Sacbé: the white roads that built the Maya highway
🚀 Key Takeaways
- Concept key : Sacbeob (plural) are raised, whitewashed causeways built mainly during the Maya Classic period to connect settlements.
- Practical tip : Visit Coba early, rent a bike and follow a restored sacbé to feel the scale and silence.
- Did you know : Modern LiDAR research has revealed thousands of hidden connections, rewriting our map of Maya networks.
Walking a sacbé is like stepping into a slow, white ribbon of history.
Imagine a raised limestone path cutting through a humid forest, the air thick with ceiba trees and the calls of toucans. The sun makes the stuccoed surface glow, as if the road itself remembers the sandals and sandals tied with yucca rope that once travelled it. Close your eyes and you can almost hear the procession drums, merchants' voices and the rustle of feathers as pilgrims moved between plazas and cenotes.
White arteries
Sacbeob, the white roads, are among the most striking engineering feats of the ancient Maya. Many were built between about 250 and 900 CE, the Classic period, though examples exist from earlier and later eras. Constructed of compacted rubble and covered with a lime plaster, they rose above the surrounding ground, sometimes a meter or more.

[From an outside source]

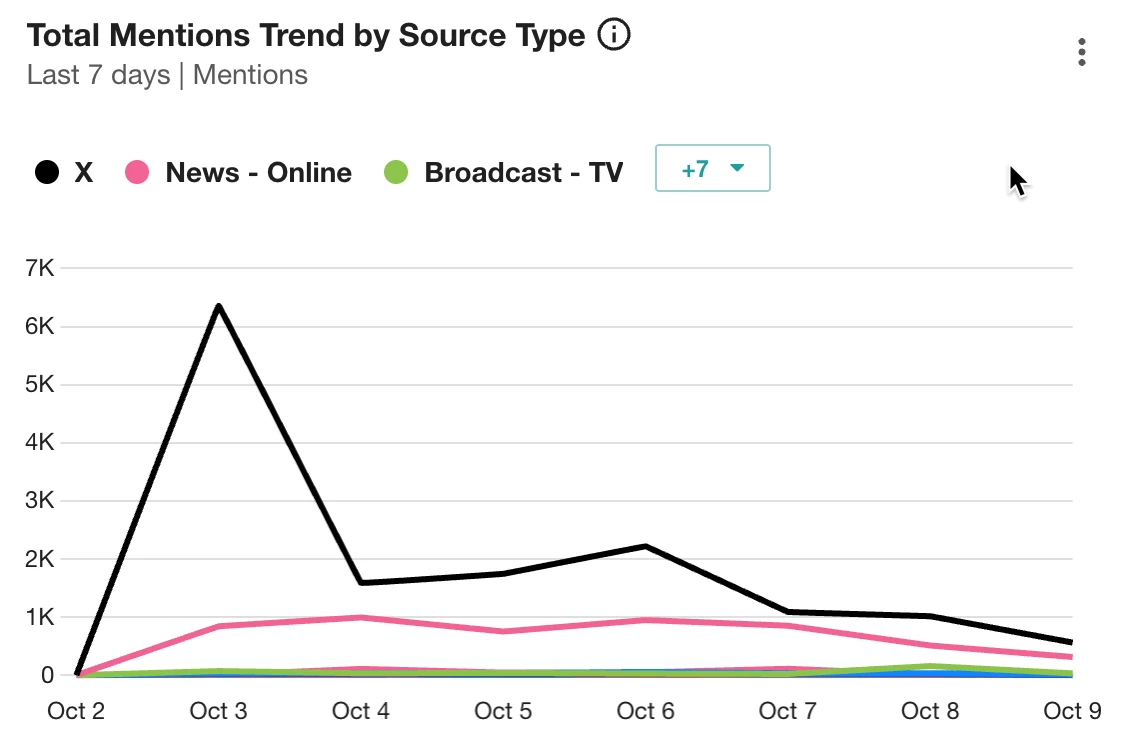 Total Mentions Trend by Source Type - Total number of times your search terms appear across all sources in the selected date range. Compares multiple metrics or segments over time using separate lines. Breakdown by channel (e.g. news, blogs, X, Facebook).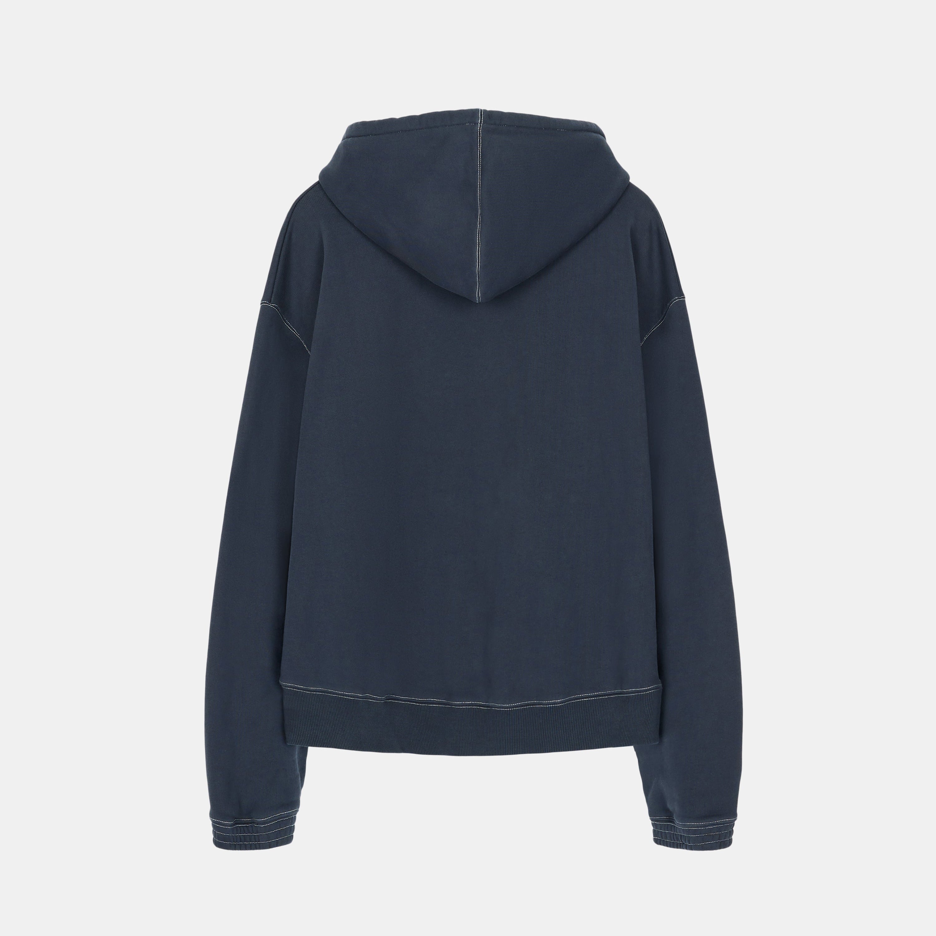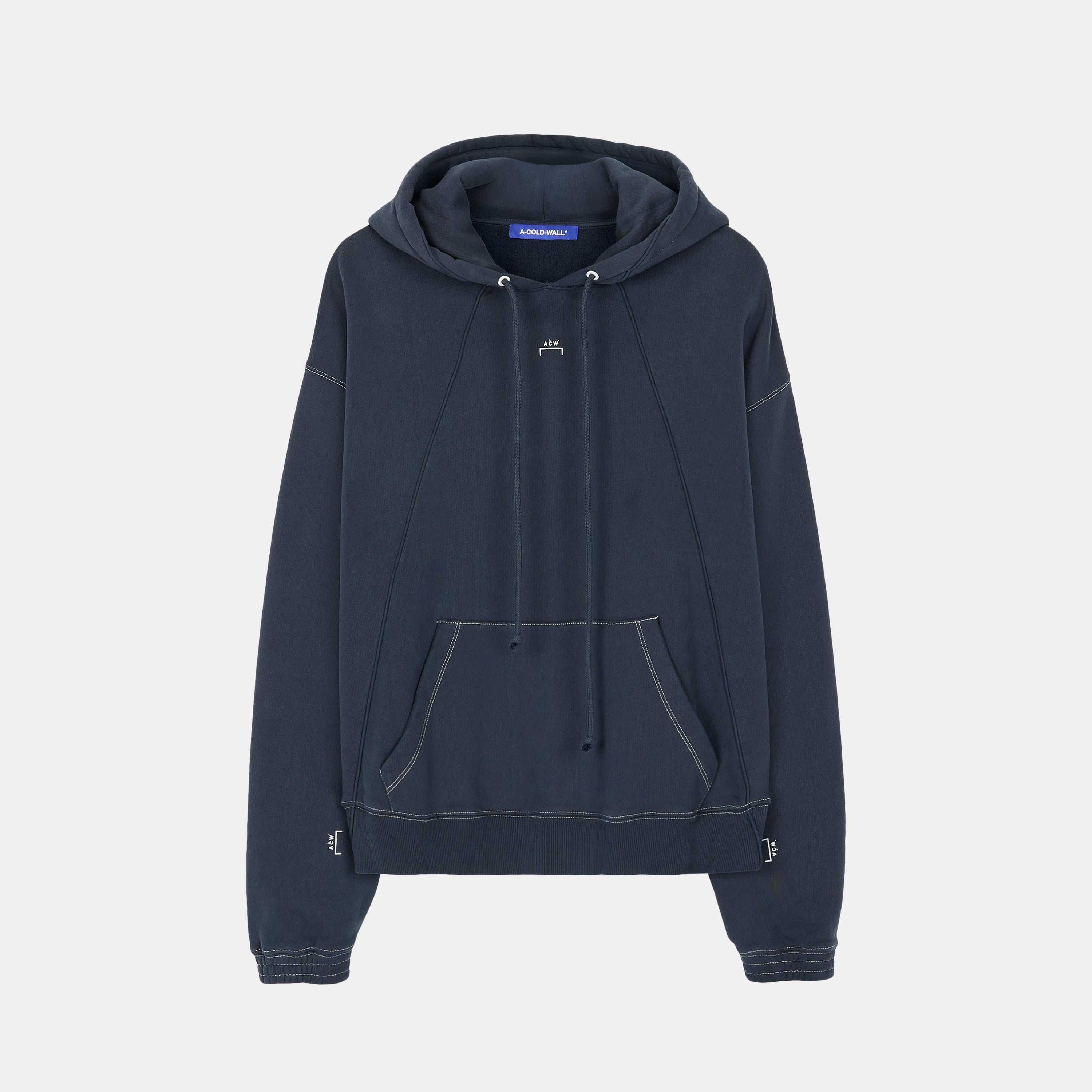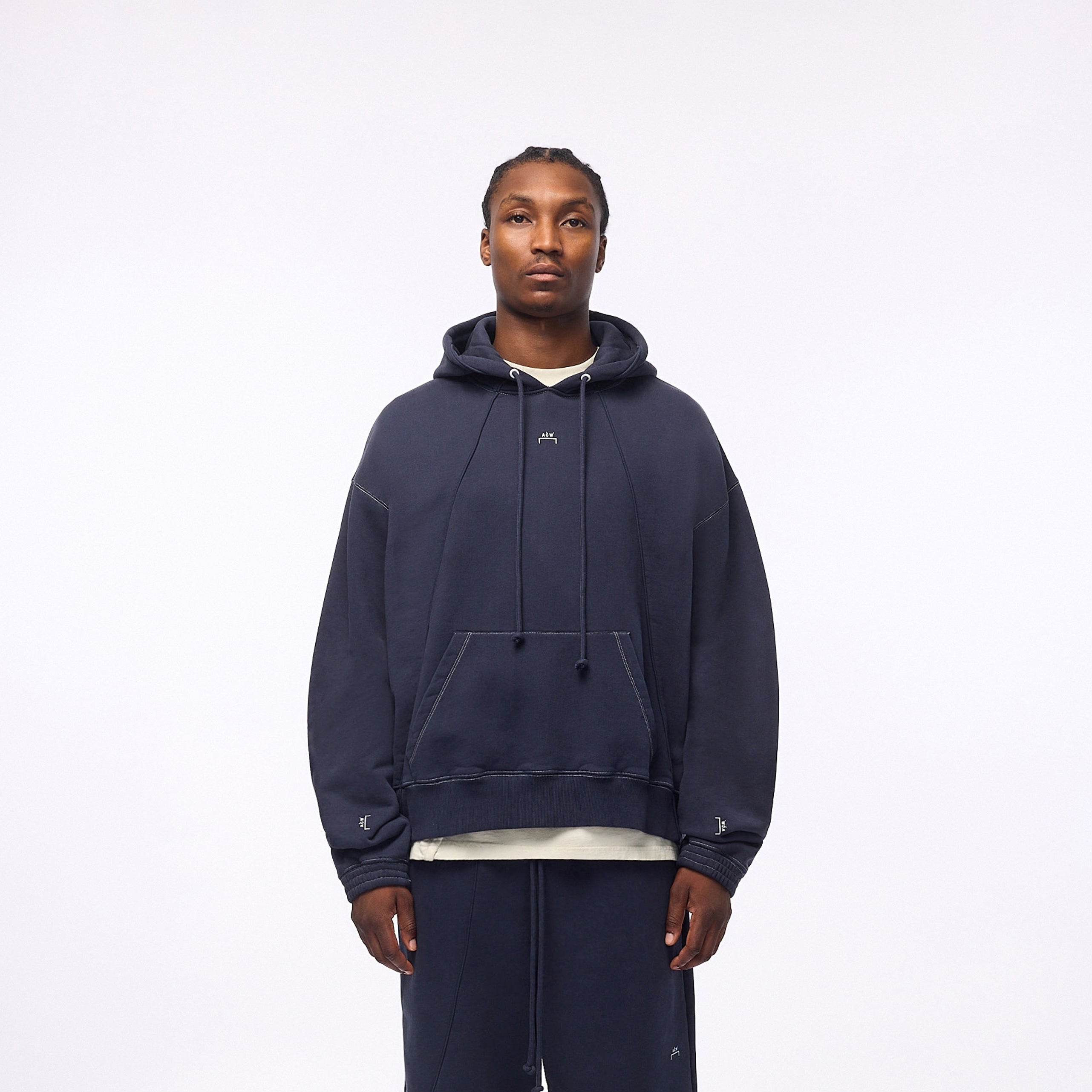 Relaxed-fit cotton hoodie with piped seams bisecting the front. Contrast colour stitching runs on hem, neck and sleeve.

The white coating made them visible across the jungle and helped drainage during the rainy season.
Their function was multiple. They linked ceremonial centers like Chichén Itzá, Coba, Uxmal and countless smaller settlements. Some connected settlements to freshwater sources such as cenotes, others served as military supply lines, trade corridors and routes for ritual processions. One of the most famous is the causeway cluster around Coba; archaeologists have identified a network of sacbeob that connected outlying communities to the central site, enabling administrative cohesion.
Long-distance connections existed too. The sacbé between Coba and Yaxuná is often cited in literature as one of the longest, with estimates near 100 kilometers, although precise measurements vary due to gaps and modern disturbance. These long corridors speak of a regional integration that challenges older models of isolated city-states.
Why they mattered
Why did the Maya build these shining roads? The answer blends practical needs and symbolic intent. Practically, raised causeways eased travel in a seasonally flooded landscape, guaranteeing year-round passage for people and goods. Archaeological finds along sacbeob include traded ceramics, obsidian and other commodities, proof of active exchange networks.
Symbolically, sacbeob had cosmological weight. The term sacbé can be translated as 'white way', and light, whiteness and direction carried ritual meaning. Processions along sacbeob could connect participants to the sacred geography, moving them between shrines, ballcourts and cenotes. Some causeways align with astronomical events; researchers have observed solar or planetary alignments that suggest ritual calendars guided construction choices.
Recent technological advances have amplified our understanding. LiDAR surveys across the Maya lowlands, published progressively since the 2010s, have revealed lines and elevated platforms invisible beneath the canopy. Where once archaeologists walked and probed to find a single sacbé, laser mapping now shows networks stretching across hundreds of square kilometers, reshaping how we imagine Maya urbanism and control of territory.
Echoes and challenges
Not everything about sacbeob is settled. Preservation is uneven, many ancient roads are fragmentary, and modern development sometimes cuts them. In the 20th and 21st centuries, roads, agriculture and tourism have damaged sections, but conservation projects at sites like Coba and Chichén Itzá attempt stabilization and public interpretation.
There are also debates among specialists. Some scholars emphasize the ritual, symbolic nature of sacbeob, while others focus on economic and administrative functions. The truth likely mixes both. A causeway could be a trade artery on Tuesday and a sacred procession route on Friday, anchoring political legitimacy and everyday life alike.
If you go, a few practical notes. In Coba the sacbé paths are accessible to visitors, and early morning is best for light and to avoid heat and crowds. Wear sturdy shoes, bring insect repellent and plenty of water, and hire a local guide to learn the names and stories of the sites you cross. Respect restricted areas, and remember these are fragile, ancient structures.
Today sacbeob invite us to read the landscape differently. They are not mere roads, they are the traces of choices, commitments and beliefs, white lines that once stitched a civilization together, and that still guide our footsteps between past and present.
Thanks for reading, and don't forget, Enjoy Life Moments!